US Imposes Additional Travel Restrictions On Chinese Officials

( More visa restrictions have been placed on Chinese officials.

On Monday, the United States announced these further restrictions. The allegations against the officials surround human rights abuses. China said it would retaliate for these most recent sanctions.

According to Mike Pompeo, the U.S. Secretary of State, the restrictions are on Chinese officials that U.S. officials believe are either directly responsible for or are complicit in repressing ethnic minority groups, religious practitioners, dissidents and many more people.

In a statement, Pompeo said:

“China’s authoritarian rules impose draconian restrictions on the Chinese people’s freedoms of expression, religion or belief, association, and the right to peaceful assembly. The United States has been clear that perpetrators of human rights abuses like these are not welcome in our country.”

These sanctions are just the latest chapter in a storyline between China and the U.S. that continues to get worse. The two countries have sparred recently over China’s national security laws in Hong Kong, espionage, trade and the coronavirus pandemic.

Last Friday, the U.S. added dozens of companies from China to a trade blacklist. Included in that were SZ DJI Technology Co. Ltd., which manufactures drones, and Semiconductor Manufacturing International Corp., which is one of the top chipmakers in the world.

But, the restrictions on companies and sanctions on officials probably won’t stop there. Chad Wolf, the chief of the U.S. Department of Homeland Security, said the department was looking into the possibility of even more restrictions on China. The country, he said, is an “ever-increasing threat” to America.

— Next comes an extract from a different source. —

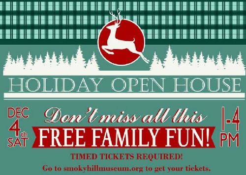 According to the organization, this free family fun event will be Saturday, December 4th, from 1:00 – 4:00 pm. Timed tickets are required, so go to smokyhillmuseum.org to get your tickets now.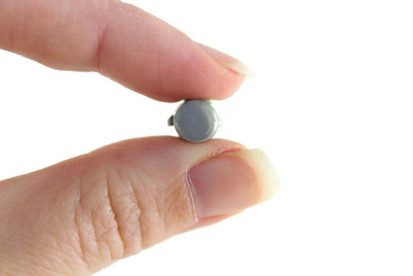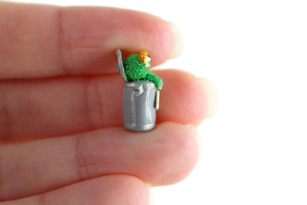 Adorable vintage artisan-made miniature 1:12 scale tiny figurine is of Oscar the Grouch, the grumpy Muppet from Jim Henson's 'Sesame Street' children's TV show! Oscar is peeking out of his silver trash can home with his hands hanging over the top and with a sign that reads 'Keep Out'. He has textured green fur, large eyes, and bushy brown eyebrows. There are some minor areas where some of the paint has come off that is consistent with age and/or use (please see photos), but he's in overall excellent vintage condition and perfect for your dollhouse nursery, playroom, or kid's bedroom!

In fact, Wolf told the think tank Heritage Foundation that the thinking is including more tighter visa curbs on members of the Chinese Communist Party as well as a much broader ban on any goods that are produced by forced labor.

He also said the department was revising activities of TCL Electronics Holdings, which is a Chinese maker of televisions. He further pointed out the State Department took action recently to limit the validity of U.S. visas for members of the Communist Party in China to only one month.

He said:

“We’re … working with State to consider further restrictions on visa validity periods for CCP members.”

DHS is “continuing to develop and hoped to soon issue” a ban that would be region-wide, covering “key categories of products produced with forced labor” in the Xinjiang region of China, Wolf said.

China has condemned all these actions that the U.S. has taken. Wang Wenbin, a foreign ministry spokesman, said at a daily news conference held in Beijing on Tuesday:

“We will take countermeasures in response. We will take measures against those who are responsible for harming our bilateral relations.”

In the near future, DHS will release a “Strategic Action Plan to counter the People’s Republic of China,” Wolf said. It will draw on President Donald Trump’s national security strategy released in 2017, and another document that this year laid out America’s strategic approach to China.

Wolf provided no further details on this at this time.